The Fed announced it will buy up to $100 billion in debt issued by agencies like mortgage giants Fannie Mae and Freddie Mac and up to $500 billion in mortgage-backed securities. The Fed also teamed with the Treasury Department to set up a $200 billion facility to support consumer and small business loans.
The moves came on a day when new data showed the U.S. economy contracted at the fastest rate in seven years, dragged down by the worst financial crisis in decades.
“The government is getting serious about shoring up the near-defunct capital markets,” said Brian Fabbri, an economist at BNP Paribas in New York.
The central bank said its goal was to increase the availability of credit and drive down mortgage costs.
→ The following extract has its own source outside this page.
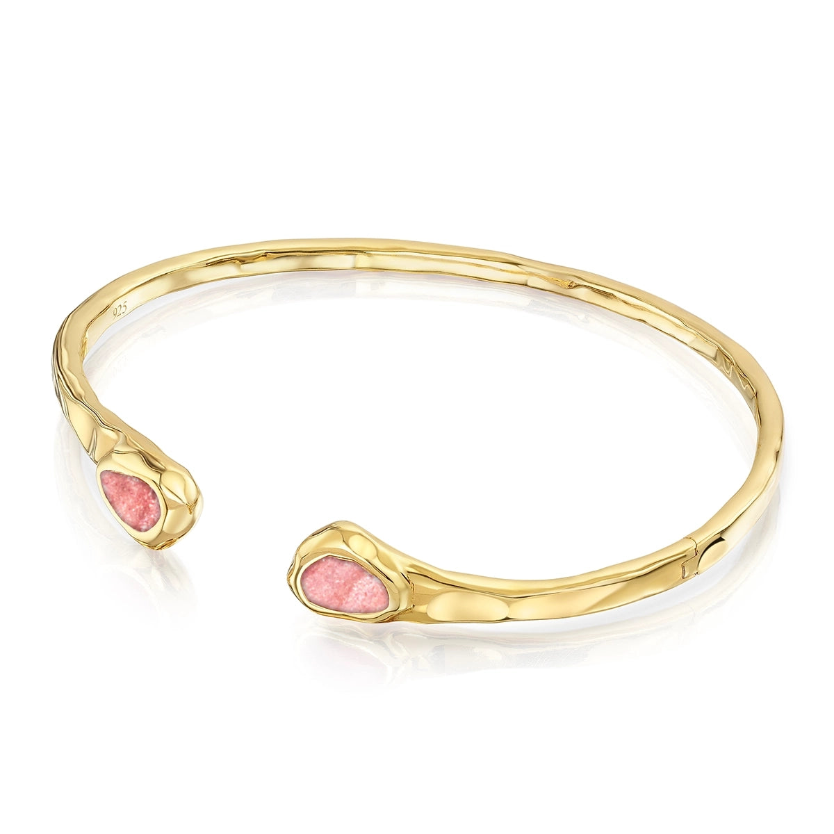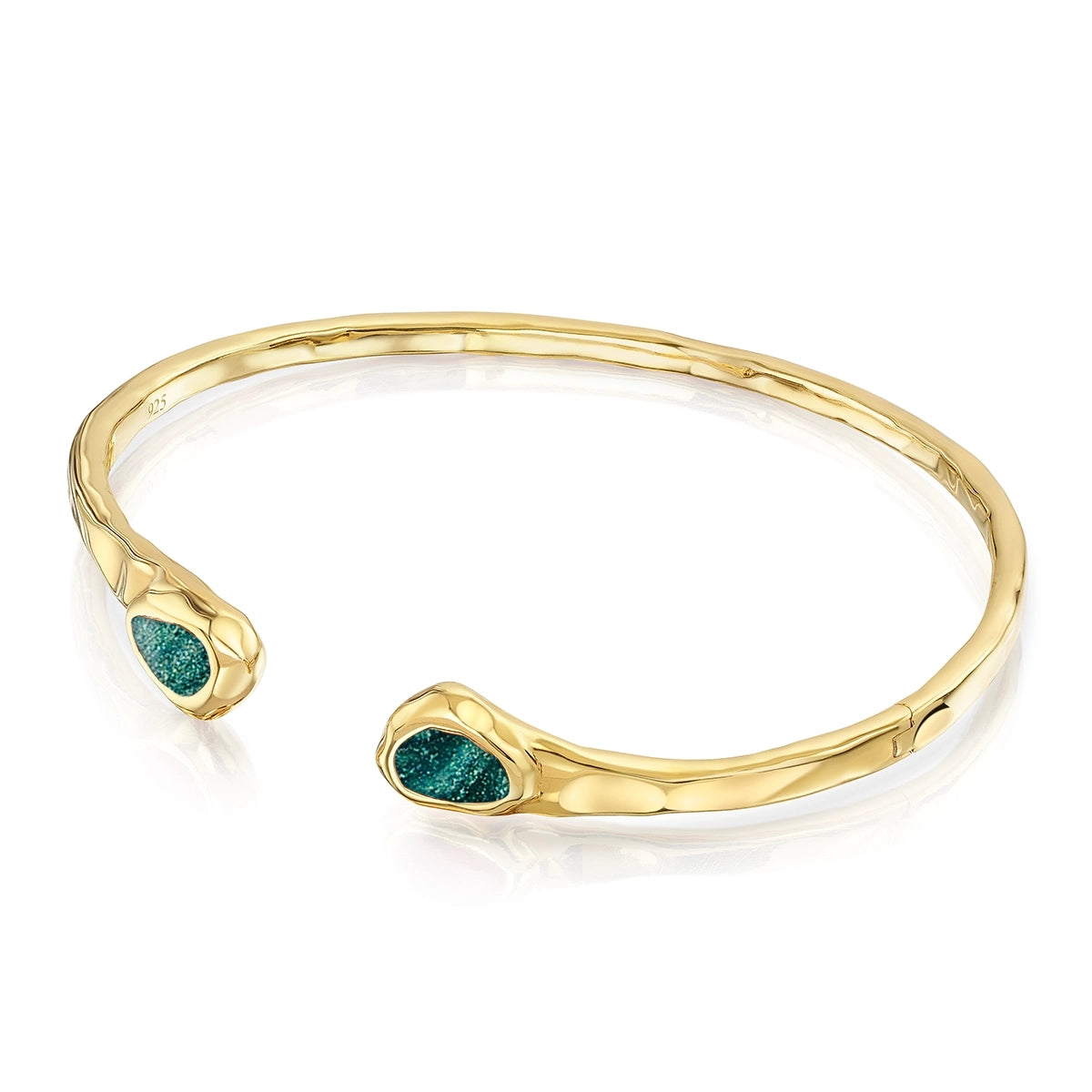 Crafted in 925 sterling silver with 18k gold plating, this creamtion ashes bangle offers a soft, natural aesthetic with its flowing, organic form and hammered-style finish.

Rates on U.S. 30-year home loans tumbled almost instantly on Tuesday.
“These programs are a way for the Fed to further expand the total amount of reserves outstanding while directing the new money toward areas where it is needed,” said economists at Goldman Sachs.
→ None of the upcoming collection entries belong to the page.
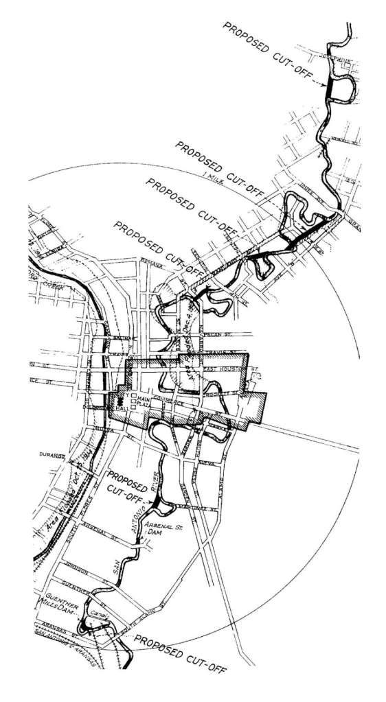 One of the twisting bends was almost 1,500 feet of winding river north of Navarro Street that would be straightened to allow the construction of the Municipal Auditorium…now the site of the Tobin Center.
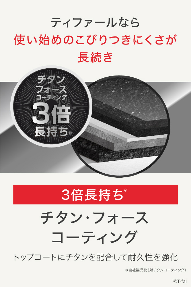 ・高い耐久性を実現した「チタン・フォース コーティング」で、使い始めのこびりつきにくさが長く続きます。
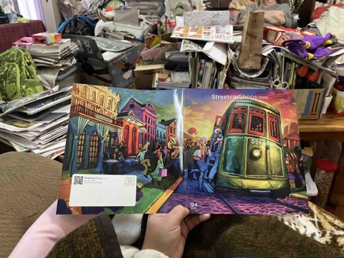 This item is a printed promotional catalog or direct mail publication from StreetcarShops.com, specifically marked as 'Q4 2021' on the bottom of the front cover. The piece features a vibrant, stylized artistic illustration spanning the front and back covers, depicting a quintessential New Orleans street scene. On the right panel (front), a classic green New Orleans Perley Thomas-style streetcar numbered '924' is prominent against a sunset sky. The left panel (back) shows historic French Quarter-style architecture with wrought-iron balconies and a lively street parade featuring musicians and pedestrians. The artwork utilizes a bold, saturation-heavy expressionist style with a palette of deep greens, purples, oranges, and yellows. The item appears to be a staple-bound booklet or a gatefold flyer printed on gloss-coated medium-weight paper stock, standard for high-quality commercial marketing materials. It includes a dedicated white mailing block on the back cover with a QR code and placeholder text for 'StreetcarShops.com' address and postage. The condition appears excellent with no visible creasing, tearing, or foxing, maintaining sharp corners and high ink saturation. This contemporary piece serves as a commercial graphic arts collectible showcasing New Orleans-themed transit and lifestyle branding.

Further, the two new programs allow the Fed to essentially side-step banks that have been reluctant to lend, and instead push money almost straight into Main Street.
“This is about as close as the Federal Reserve can come to lending directly to consumers,” the Goldman Sachs economists said of the efforts to shore-up consumer finance.
Debate raged on whether the plans meant the Fed was wading further into the murky waters of quantitative easing -- an unconventional monetary strategy that seeks to bolster the economy by flooding the banking system with reserves when benchmark interest rates are at or close to zero.
Dealers jumped on the news as another sign that the Fed’s benchmark interest rate, currently at 1.0 percent, will be cut closer to zero at the Fed’s next two interest-rate meetings on Dec 15-16 and January 27-28.
“Our take ... is that it is the latest step toward a more aggressive quantitative easing regime, and with that, the Fed must lower rates even further,” said Rudy Narvas, an analyst at 4CAST Ltd in New York.
In short-term interest rate futures markets, bets on a 0.25 percent federal funds rate, versus the current 1.0 percent, by year-end hit 44 percent from 18 percent late on Monday.
The new programs mean the Fed’s balance sheet could conceivably swell close to the $3 trillion level mooted by San Francisco Fed President Janet Yellen on Oct 30.
“This could represent a further expansion of the Fed’s balance sheet of $800 billion, a significant amount relative to its current size of about $2 trillion,” the Goldman economists said.
QUANTITATIVE EASING REDEFINED?
Yellen and several other top Fed officials, including Vice Chairman Donald Kohn, have conceded in the past month that quantitative easing has been added to the Fed’s policy tools.
But exactly which of the Fed’s array of possible policy measures can be specifically tagged as quantitative easing, and whether it even matters, remains an open question.
Ashraf Laidi, chief FX strategist at CMC Markets US in New York, said the Fed’s latest “liquidity drive” was “a new landmark” in quantitative easing.
“The Fed’s balance sheet ... is well on its way of following the Bank of Japan’s policy of quantitative easing -- targeting the quantity of money rather than its price,” he said.
But U.S. officials on Tuesday said that the new measures were not the same as the formal quantitative easing program practiced in the 1990s by the Japan’s central bank.
The Fed is not, in this case, increasing reserves in the banking system specifically to shift banks’ behavior toward lending more, the officials told reporters.
Still, some Fed watchers declined to split hairs and questioned whether the Japanese example represents the sole definition of what a quantitative easing program can or should entail.
Thus, almost any step by the Fed targeted at stabilizing financial markets and boosting the economy while the federal funds rate is anchored near zero could conceivably be seen as being under the quantitative umbrella -- and Tuesday’s moves will probably not be the last.
“Essentially the Fed can buy up to 10 percent of the GSE market ... speculation is that it could lead the Fed to buy Treasuries as well and maybe corporates down the road,” said 4CAST’s Narvas.